Im posting rn what I think I have for disabilities/illnesses. I really want to know how correct I am. So I’ll be looking back at this every time I get a diagnosis.
I think I have:
-Autism
-ADHD
-Anxiety
-Endometriosis stage 2+
-PCOS
-POTS
There is also a mystery pain and fatigue I feel in my hips/legs that not even I know what to make of. All I know is it definitely isn’t runners knee as 2 ortho doctors have tried telling me. 🙄 (I did have it when i was younger, but I did my exercises and it’s gone. Runners knee isn’t chronic people!) I’ll add what I think it is if I ever find something that I relate to.
Edit: I’m gonna guess I have arthritis for that last one and leave it at that.
A weird thing that only happens when you are chronically ill is going in to see a doctor for something and they tell you what they think is wrong, but you know that isn’t it. So when you get imaging/tests done and they come back negative, you’re not surprised but the doctor is like. shocked.
Also when you believe A is wrong with you and the doctor tries B-Z first, only for you to end up being right. 👍🏻
If someone doesn’t respond or react to something you say right away, don’t keep repeating yourself! They are trying to process what you said and when you keep talking it’s distracting, not helpful! Chances are that you are distressing the person and making them anxious. If they need you to repeat yourself, they will ask you to!
I was at a restaurant recently and when the waitress brought our food, it took me a moment to process that she told me the plate in her hand was mine. One of my family members kept repeating what she said because I wasn’t responding, and all they did was stress me out and confuse me. They wouldn’t stop long enough for me to think, and I got so overwhelmed I screamed for them to shut up. In a quite restaurant.
Not cool.
I hate when people say “trying isn’t good enough”

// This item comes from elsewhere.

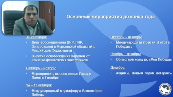 Во время встречи обсудили план ближайших мероприятий и проектов, благоустройство памятных мест и воинских захоронений, премию «Готов к Победам», конкурс «Моя Победа», акцию «С Новым годом, ветеран!». В том числе была затронута подготовка к мероприятиям, приуроченным к Параду Памяти, посвящённому военному параду 7 ноября 1941 года в «Запасной столице» городе Куйбышеве. Участники совещания также обсудили ключевые моменты по подготовке к 80-летию Победы в Великой Отечественной войне.

So to all the people out there who’ve been told that, trying is good enough. To all the neurodivergent people, the chronically ill, the disabled, and everyone else: trying is good enough. As long as you are trying, it is good enough. Don’t let people tell you otherwise.
and sometimes you are unable to try at certain things because you don’t have the energy, or it isn’t worth all the effort for the outcome you will receive. And that’s okay too! You don’t need to stretch yourself thin over everything. You exist, and that is trying enough.
This disability pride month is going to be the start of my entry into the disabled community. I’m going to college and getting out of a house that has prevented me from getting diagnosed for my many disabilities. So I’m going to be saying something every day (or as close to it as possible) about the pride I have regarding my disabilities.
This is about me, but I also want others to see it as a positivity post about disability in general. Things get better! And that’s something to be happy and proud of. Feel free to join me in this with your own posts or in the comments!
Today I am proud to say that I will soon be able to have a name for the difficulties I struggle with daily. It will not eliminate my struggles or make them easier, but that is okay. I accept myself as I am and I am proud to be disabled!